The dedication topped off a two-week Blitz Build that started June 6. During such events, hundreds of volunteers gather together to build as much as possible. It’s something that Habitat for Humanity-Spokane has done for the last 21 years.
Volunteers were still hard at work Friday afternoon but came down from the roof of a new twin home to watch the ceremony. “Today we celebrate the end of our Blitz Build and three new Habitat homeowners,” said CEO Michelle Girardot.
She thanked a lengthy list of sponsors who she said have continued to support Habitat even in the face of soaring construction costs and material shortages. She noted that the Habitat development in Deer Park has provided housing for 80 families.

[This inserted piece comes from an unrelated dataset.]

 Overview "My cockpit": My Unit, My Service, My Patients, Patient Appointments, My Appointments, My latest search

Among the families receiving keys Friday were Alex and Valentina Semivrazhnov and their 9-year-old daughter, Eliana. He spoke briefly to the gathered crowd to express his thanks. “We were waiting for this moment for a long time,” he said.

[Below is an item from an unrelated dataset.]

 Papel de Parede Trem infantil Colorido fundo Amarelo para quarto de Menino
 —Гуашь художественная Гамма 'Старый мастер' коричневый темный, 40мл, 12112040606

Semivrazhnov said he and his wife used to own a home, but he got sick and couldn’t work his job as a long-haul trucker. The family got behind in their mortgage and lost their house. It was at that point that the family moved in with Valentina Semivrazhnov’s parents.“Now, they can go free, finally,” Semivrazhnov said. “They gave us a roof over our head for seven years.”
The couple came to the United States in 1997 from Mariupol, Ukraine, which has been the site of many battles in the country’s current war with Russia. Semivrazhnov asked the gathered crowd to pray for his former country.
“We are blessed that instead of war and destruction, we have peace and a new home,” he said.
After receiving their keys, the couple made their way up their driveway to their new home. They paused in front of the door to pose for pictures taken by family members before stepping inside. As they began exploring, Valentina Semivrazhnov reached toward a door in the kitchen. “I have a new pantry!” she said as she swung it open.
It was a scene being repeated in two other homes next door and there will be more to come in the next few years. Girardot said Habitat is usually able to build between eight and 10 units a year. “At the finale, it will be 114 units,” she said.
Deer Park is home to one of two Habitat developments, with the other in Airway Heights. Girardot said the land in Deer Park was purchased at a discount in 2007, though it took a few years before the first house was built.
“We’ve had this land for a long time,” she said. “It just took a long time to get up and running.”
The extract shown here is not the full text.